[Opening DATA BLOCK section]
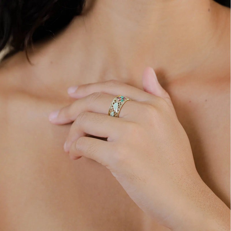 Bague Anneau Ajustable Bridget signée FRANCK HERVAL. Bridget met la broderie au centre de cette nouvelle collection. Sur un motif doré ultra-léger, la fleur en fil de coton explose en rose poudré, réveillée par des touches d’amazonite, d’aventurine et de grenat. Les boucles d’oreilles fleur brodée ce sont clairement ta signature : volume maîtrisé, mouvement cool, zéro lourdeur, c'est la paire qu’on remarque.
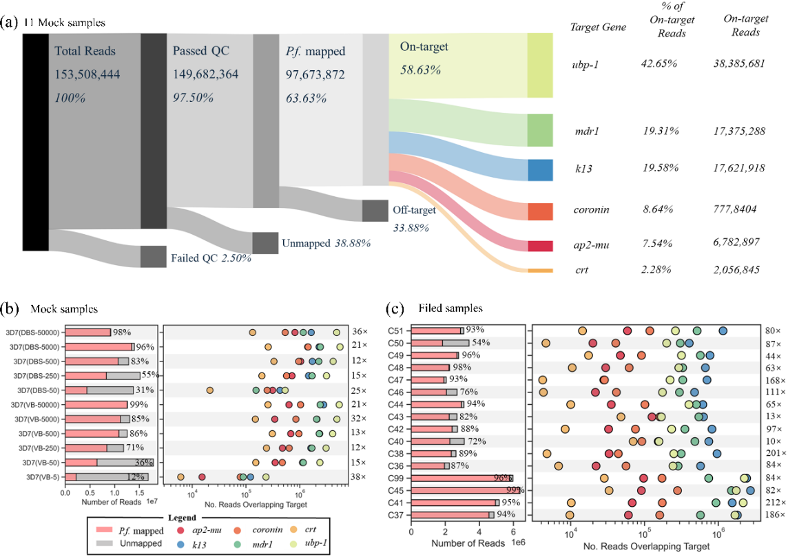 研究结果显示,该技术对静脉血样本的检测灵敏度达到5 parasites/μL,对滤纸血样本达到50 parasites/μL,显著高于现有监测技术的检测限,对来自刚果民主共和国的16份现场样本进行了检测验证,所有样本均成功获得完整的抗药性基因分型结果。值得一提的是,该技术将单样本检测成本降至15.60美元(较现有技术降低60%-290%),为在资源有限地区推广应用提供了可能。
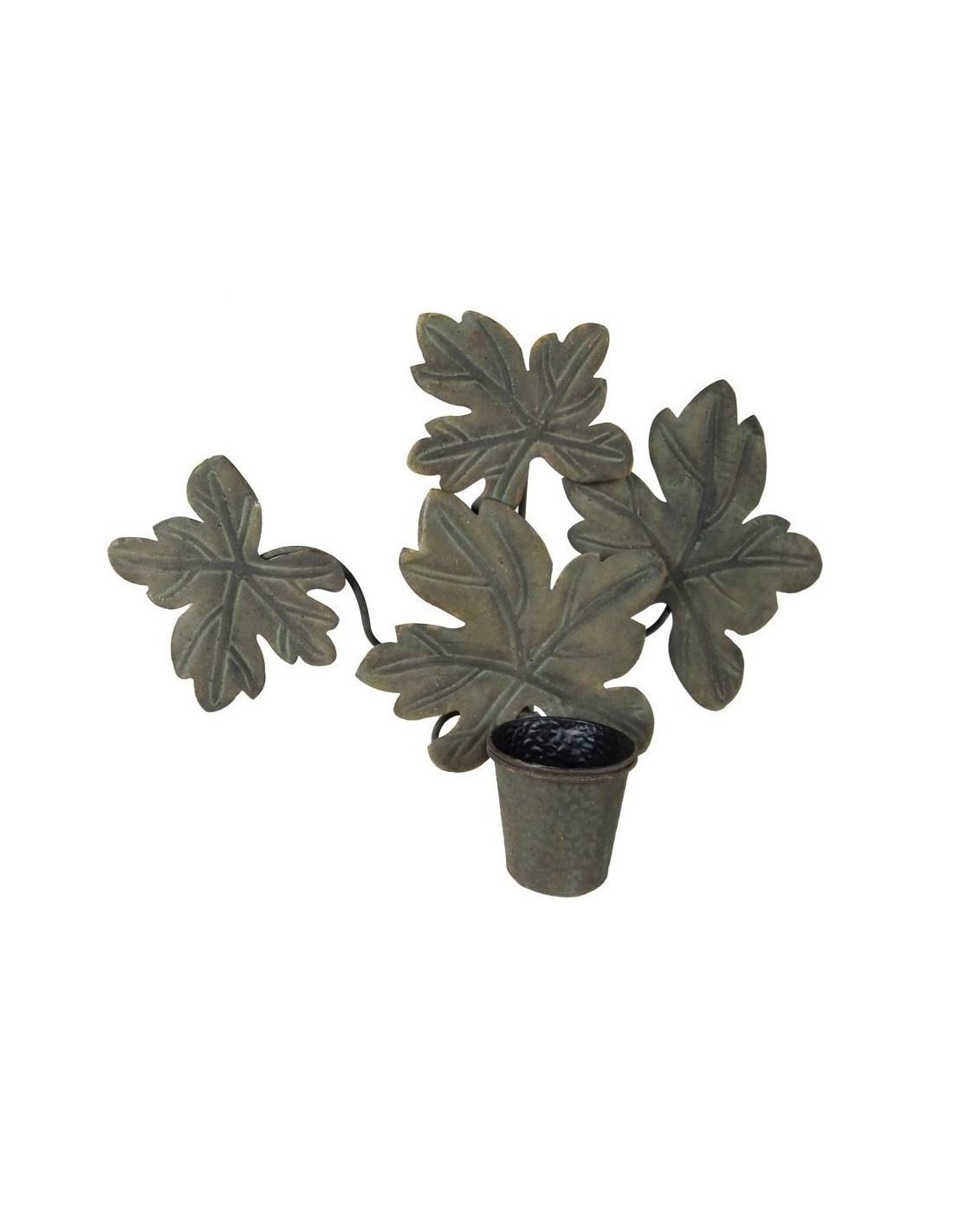 Porta test per penjar a la paret amb decoració de fulles en metall, un preciós test per a plantes, si ets amant de les flors o plantes et decorarà en qualsevol racó de la teva llar. Dóna-li al teu espai aquest toc viu i rústic que et connecta amb l'essència més autèntica de la natura.
[Closing DATA BLOCK section]
TASK BRIEF: Please write out all of the material above without changing a word, and omit any pictures.

EXPECTED OUTPUT:
 Bague Anneau Ajustable Bridget signée FRANCK HERVAL. Bridget met la broderie au centre de cette nouvelle collection. Sur un motif doré ultra-léger, la fleur en fil de coton explose en rose poudré, réveillée par des touches d’amazonite, d’aventurine et de grenat. Les boucles d’oreilles fleur brodée ce sont clairement ta signature : volume maîtrisé, mouvement cool, zéro lourdeur, c'est la paire qu’on remarque.
 研究结果显示,该技术对静脉血样本的检测灵敏度达到5 parasites/μL,对滤纸血样本达到50 parasites/μL,显著高于现有监测技术的检测限,对来自刚果民主共和国的16份现场样本进行了检测验证,所有样本均成功获得完整的抗药性基因分型结果。值得一提的是,该技术将单样本检测成本降至15.60美元(较现有技术降低60%-290%),为在资源有限地区推广应用提供了可能。
 Porta test per penjar a la paret amb decoració de fulles en metall, un preciós test per a plantes, si ets amant de les flors o plantes et decorarà en qualsevol racó de la teva llar. Dóna-li al teu espai aquest toc viu i rústic que et connecta amb l'essència més autèntica de la natura.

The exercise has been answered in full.